### [Problem]
Reproduce the entries that follow precisely, setting aside any images.

### [Supplied data]
──────────────────────────────
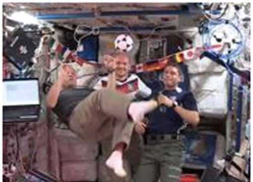 Tại vòng chung kết lần này, đội Đức và đội Mỹ được xếp cùng bảng G để giành suất vào vòng trong. Các nhà du hành trên, dù ủng hộ đội tuyển của mình, nhưng vẫn mong đội bạn có cơ hội vào sâu. Trong đoạn video, ba nhà nghiên cứu đồng thời gửi lời chúc may mắn đến các đội bóng tham dự World Cup năm nay.
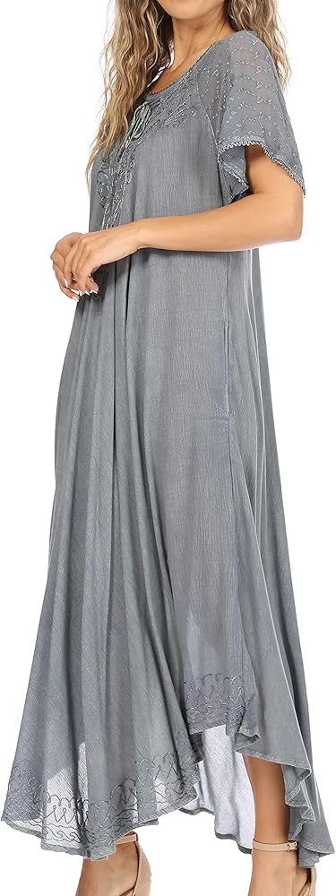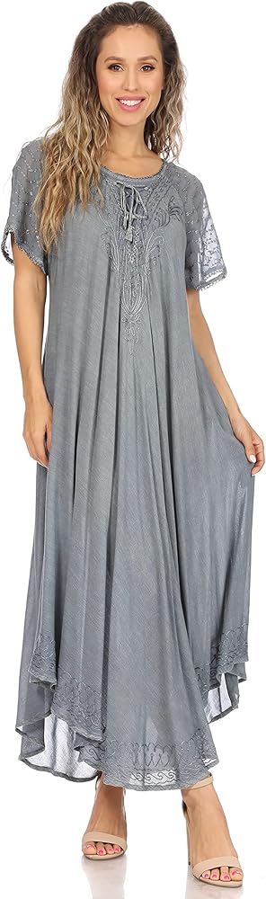 This beautiful cap sleeve caftan dress features lace embroidered cap sleeves that are semi sheer with detailed embroidery along the neckline, and bottom hem. The bottom hem is a curved hem, and there is lace embroidery along the edge hems of the sleeves. There is also an adjustable corset style neck enclosure that can be tied or left undone as desired. This dress comes in our beautiful stonewash shades. This caftan is very lightweight so it is ideal for warmer weather! Just throw on and go! It is also a great dress for cooler weather because all you've got to do is pair with leggings or tights and your favorite coat and shoes and you're good to go! For summer weather, you can wear over swimwear as a modern coverup. So comfortable, you'll want to get one in every color. Hand wash separately in cold water. Line dry. Imported. | Material: 100% Rayon.
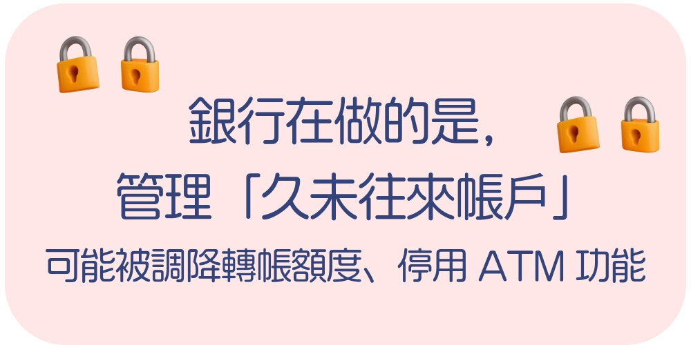- 久未往來帳戶:銀行現在實際在管的分類,會限制功能但不會凍結帳戶。
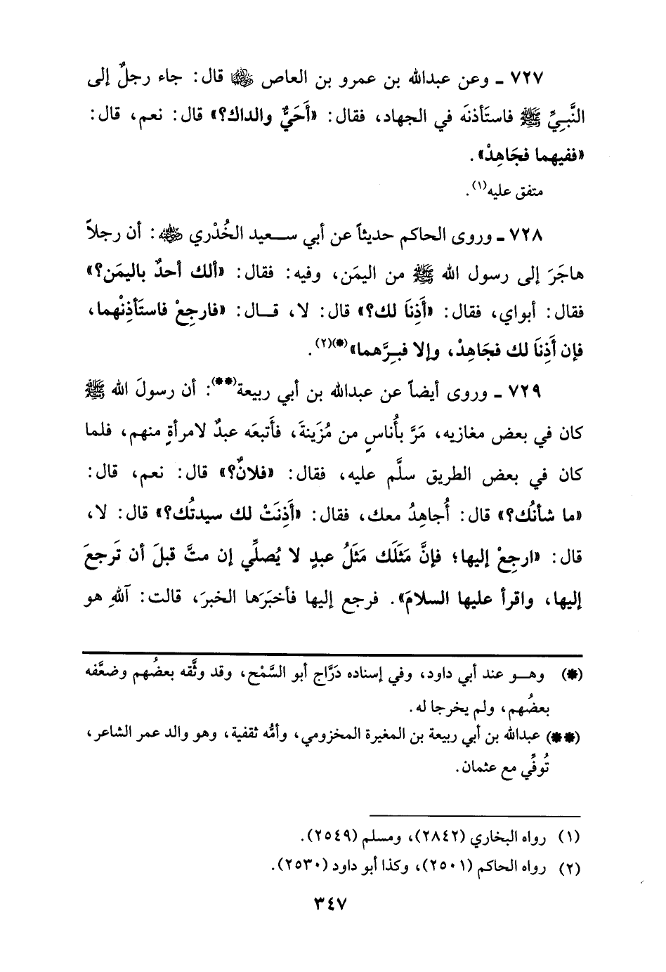 727 - وعن عبد اللَّه بن عمرو بن العاص -رضي اللَّه عنهما- قال: جاء رجلٌ إلى النَّبِيِّ -صلى اللَّه عليه وسلم- فاستأذنَه في الجهاد، فقال: "أَحَيٌّ والداك؟ "، قال: نعم، قال: "ففيهما فجَاهِدْ".
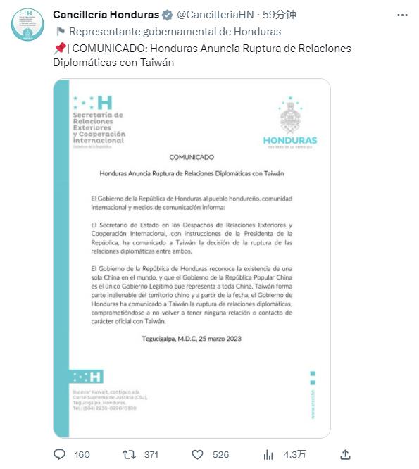 當地時間3月25日,洪都拉斯外交部發表聲明,正式宣布與中國臺灣斷絕“外交關系”。
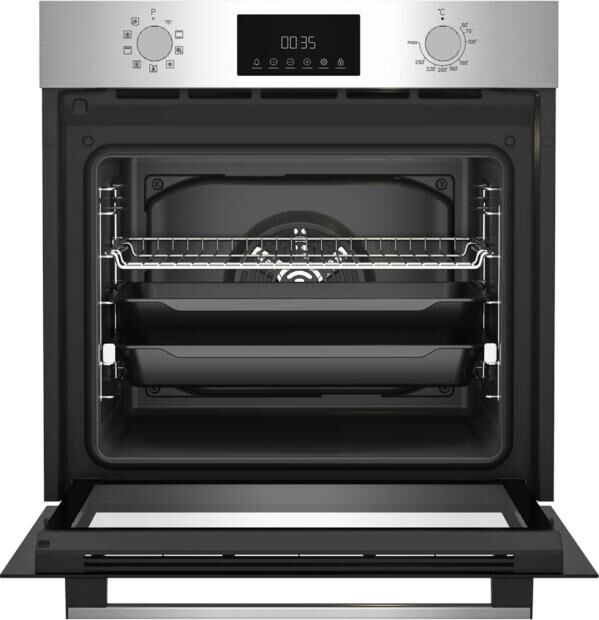Размеры без упаковки (ВхШхГ), см — 59,5×59,4×56,7. Электрический духовой шкаф; 8 программ; дисплей; утапливаемые поворотные переключатели; каталитическая очистка; телескопические направляющие на одном уровне; объем — 72л.; 3 стекла дверцы; 1 решетка; 1 противень; 1 глубокий противень; цвет — нержавеющая сталь
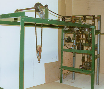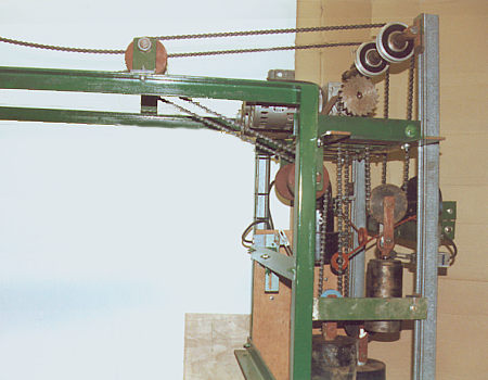 Near the end of its travel, the weight triggers a switch which starts an electric motor that winds the weight and the clock up. The weight is raised until it reaches a second switch which turns the motor off. The Self Winder is now in storage, with the clock, in the church tower. |
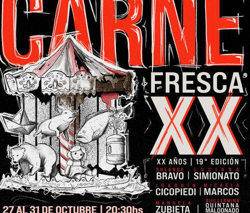 La Cátedra Práctica Integrada III –Dr. Juan Urraco – Prof. Ignacio D. Delfino – Prof. Juan Rosso- de la carrera de Teatro de la Facultad de Arte invita a la comunidad a participar del Ciclo Carne Fresca, que celebra sus 20 años y llega a su 19ª edición en 2025. Este ciclo es un espacio dedicado a la exhibición y promoción de nuevos y nuevas directoras teatrales, fomentando el desarrollo artístico en el ámbito teatral.
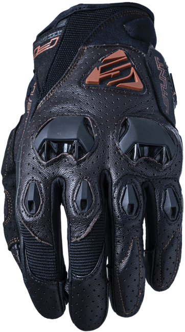 Here we present the ventilated version of the STUNT EVO LEATHER, which includes perforated leather on the palm and on its topside construction, for considerable airflow in summer weather.\n Full-grain cowhide construction (topside) for durability, perforated for ventilation/perforated full-grain goatskin (palm) for suppleness\n Ventilated TPU metacarpal-knuckle and knuckle protective shells\n Protective Carbon/TPR palm slider\n Palm reinforcement in perforated Clarino\n Airprene and 4-way Spandex cuff\n 4-Way Spandex comfort panels\n Closure system with Clarino tab + Velcro and leather on-off pull tab\n TouchScreen system (thumb and index finger) for touch-screen handling
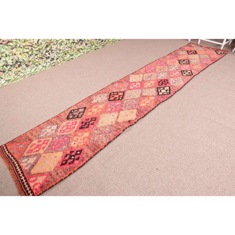2.3x12.8 ft Turkish Rug, Herki Rug, Red Moroccan Rug Wool
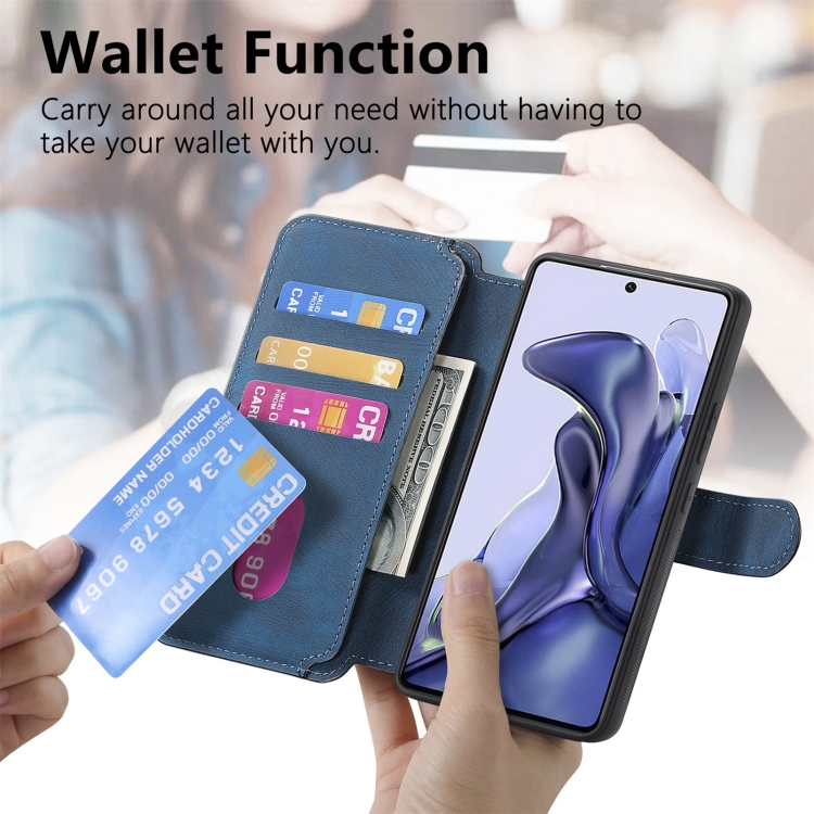 Funda Neo Magsafe Rfid Antirrobo de Cuero Retro para Xiaomi Mi 11T / 11T Pro 5G (Azul)
──────────────────────────────
### [Problem solution]
 Tại vòng chung kết lần này, đội Đức và đội Mỹ được xếp cùng bảng G để giành suất vào vòng trong. Các nhà du hành trên, dù ủng hộ đội tuyển của mình, nhưng vẫn mong đội bạn có cơ hội vào sâu. Trong đoạn video, ba nhà nghiên cứu đồng thời gửi lời chúc may mắn đến các đội bóng tham dự World Cup năm nay.
 This beautiful cap sleeve caftan dress features lace embroidered cap sleeves that are semi sheer with detailed embroidery along the neckline, and bottom hem. The bottom hem is a curved hem, and there is lace embroidery along the edge hems of the sleeves. There is also an adjustable corset style neck enclosure that can be tied or left undone as desired. This dress comes in our beautiful stonewash shades. This caftan is very lightweight so it is ideal for warmer weather! Just throw on and go! It is also a great dress for cooler weather because all you've got to do is pair with leggings or tights and your favorite coat and shoes and you're good to go! For summer weather, you can wear over swimwear as a modern coverup. So comfortable, you'll want to get one in every color. Hand wash separately in cold water. Line dry. Imported. | Material: 100% Rayon.
- 久未往來帳戶:銀行現在實際在管的分類,會限制功能但不會凍結帳戶。
 727 - وعن عبد اللَّه بن عمرو بن العاص -رضي اللَّه عنهما- قال: جاء رجلٌ إلى النَّبِيِّ -صلى اللَّه عليه وسلم- فاستأذنَه في الجهاد، فقال: "أَحَيٌّ والداك؟ "، قال: نعم، قال: "ففيهما فجَاهِدْ".
 當地時間3月25日,洪都拉斯外交部發表聲明,正式宣布與中國臺灣斷絕“外交關系”。
Размеры без упаковки (ВхШхГ), см — 59,5×59,4×56,7. Электрический духовой шкаф; 8 программ; дисплей; утапливаемые поворотные переключатели; каталитическая очистка; телескопические направляющие на одном уровне; объем — 72л.; 3 стекла дверцы; 1 решетка; 1 противень; 1 глубокий противень; цвет — нержавеющая сталь
 Near the end of its travel, the weight triggers a switch which starts an electric motor that winds the weight and the clock up. The weight is raised until it reaches a second switch which turns the motor off. The Self Winder is now in storage, with the clock, in the church tower. |
 La Cátedra Práctica Integrada III –Dr. Juan Urraco – Prof. Ignacio D. Delfino – Prof. Juan Rosso- de la carrera de Teatro de la Facultad de Arte invita a la comunidad a participar del Ciclo Carne Fresca, que celebra sus 20 años y llega a su 19ª edición en 2025. Este ciclo es un espacio dedicado a la exhibición y promoción de nuevos y nuevas directoras teatrales, fomentando el desarrollo artístico en el ámbito teatral.
 Here we present the ventilated version of the STUNT EVO LEATHER, which includes perforated leather on the palm and on its topside construction, for considerable airflow in summer weather.\n Full-grain cowhide construction (topside) for durability, perforated for ventilation/perforated full-grain goatskin (palm) for suppleness\n Ventilated TPU metacarpal-knuckle and knuckle protective shells\n Protective Carbon/TPR palm slider\n Palm reinforcement in perforated Clarino\n Airprene and 4-way Spandex cuff\n 4-Way Spandex comfort panels\n Closure system with Clarino tab + Velcro and leather on-off pull tab\n TouchScreen system (thumb and index finger) for touch-screen handling
2.3x12.8 ft Turkish Rug, Herki Rug, Red Moroccan Rug Wool
 Funda Neo Magsafe Rfid Antirrobo de Cuero Retro para Xiaomi Mi 11T / 11T Pro 5G (Azul)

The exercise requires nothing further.